All of the data that follows is to be printed exactly, without pictures.

**** SUPPLIED DATA

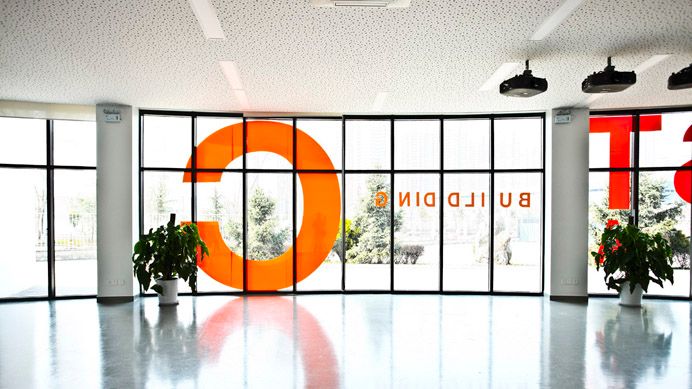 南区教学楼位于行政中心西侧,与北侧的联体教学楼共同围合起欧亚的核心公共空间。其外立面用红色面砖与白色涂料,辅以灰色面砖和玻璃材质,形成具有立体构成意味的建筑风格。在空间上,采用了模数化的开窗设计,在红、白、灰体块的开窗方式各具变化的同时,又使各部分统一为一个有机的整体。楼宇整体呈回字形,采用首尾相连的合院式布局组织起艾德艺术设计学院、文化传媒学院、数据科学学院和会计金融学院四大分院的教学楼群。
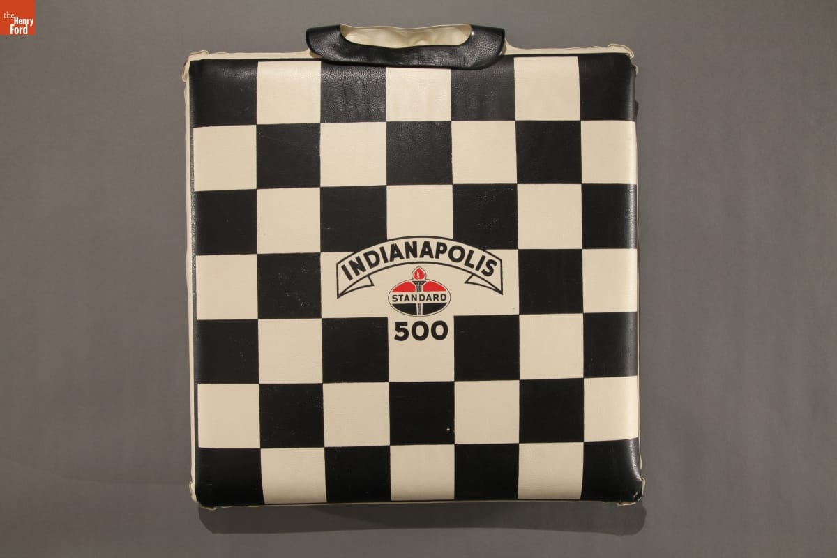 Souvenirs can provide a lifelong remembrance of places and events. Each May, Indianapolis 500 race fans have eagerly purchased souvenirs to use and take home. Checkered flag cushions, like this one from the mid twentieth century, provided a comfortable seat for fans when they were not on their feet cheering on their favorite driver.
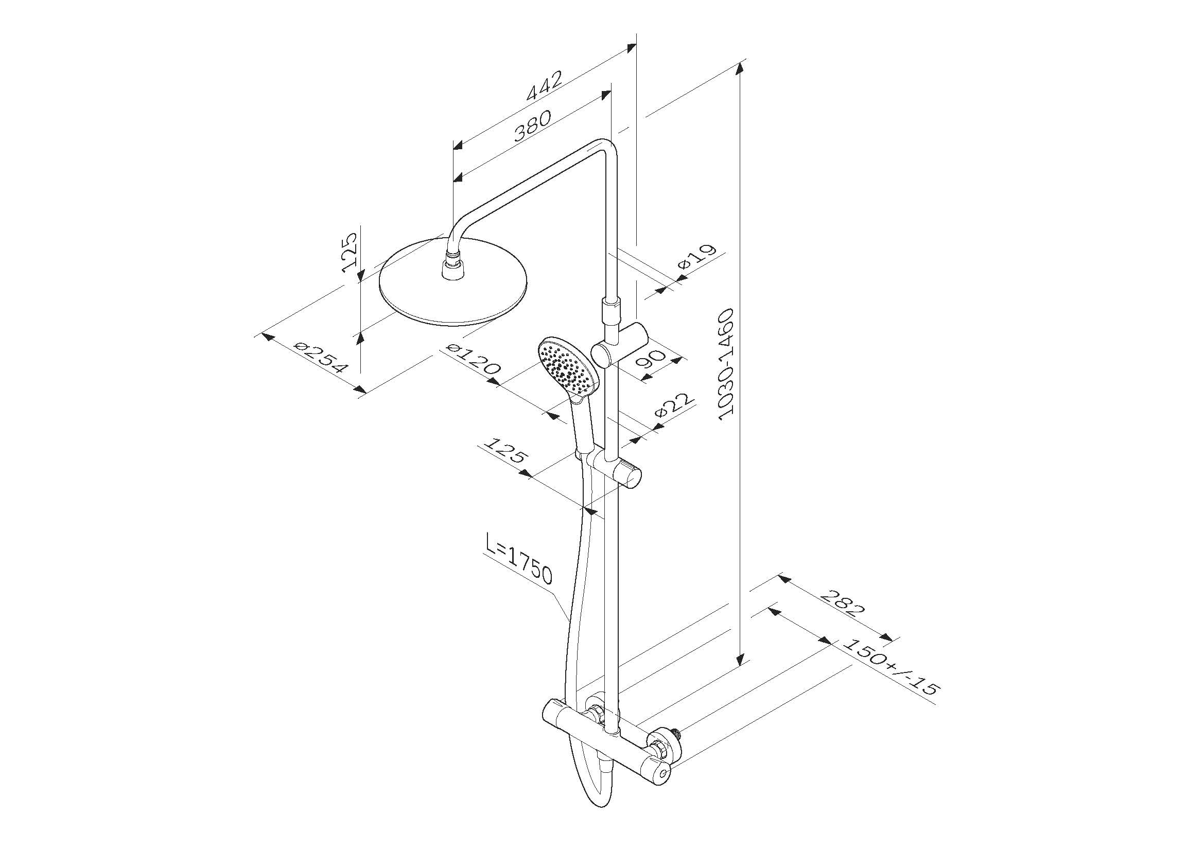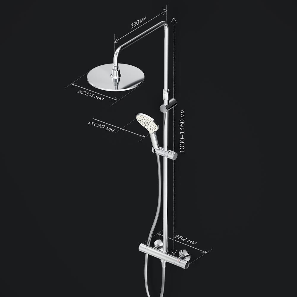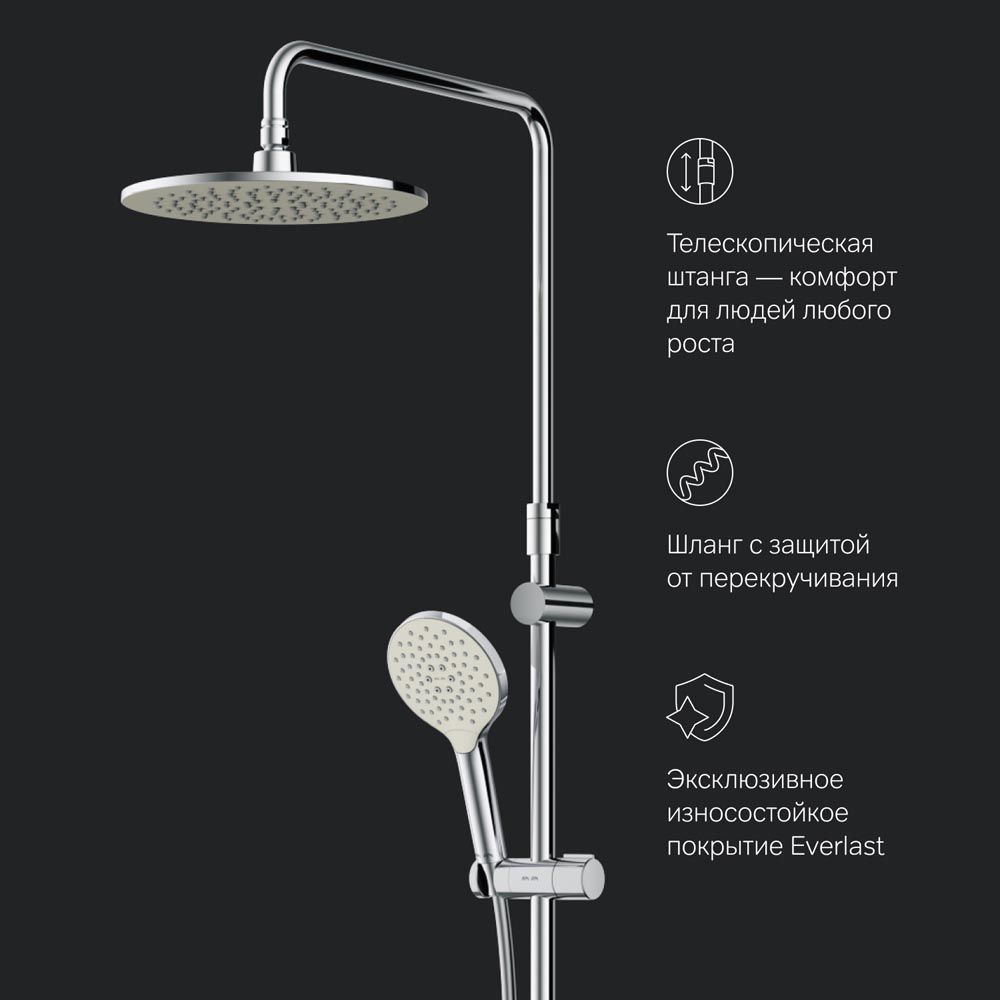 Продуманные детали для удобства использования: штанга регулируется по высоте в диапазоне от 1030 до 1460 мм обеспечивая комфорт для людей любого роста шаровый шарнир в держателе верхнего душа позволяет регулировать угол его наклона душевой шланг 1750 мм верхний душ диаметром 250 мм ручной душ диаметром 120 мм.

********

■ TASK SOLUTION:
 南区教学楼位于行政中心西侧,与北侧的联体教学楼共同围合起欧亚的核心公共空间。其外立面用红色面砖与白色涂料,辅以灰色面砖和玻璃材质,形成具有立体构成意味的建筑风格。在空间上,采用了模数化的开窗设计,在红、白、灰体块的开窗方式各具变化的同时,又使各部分统一为一个有机的整体。楼宇整体呈回字形,采用首尾相连的合院式布局组织起艾德艺术设计学院、文化传媒学院、数据科学学院和会计金融学院四大分院的教学楼群。
 Souvenirs can provide a lifelong remembrance of places and events. Each May, Indianapolis 500 race fans have eagerly purchased souvenirs to use and take home. Checkered flag cushions, like this one from the mid twentieth century, provided a comfortable seat for fans when they were not on their feet cheering on their favorite driver.
 Продуманные детали для удобства использования: штанга регулируется по высоте в диапазоне от 1030 до 1460 мм обеспечивая комфорт для людей любого роста шаровый шарнир в держателе верхнего душа позволяет регулировать угол его наклона душевой шланг 1750 мм верхний душ диаметром 250 мм ручной душ диаметром 120 мм.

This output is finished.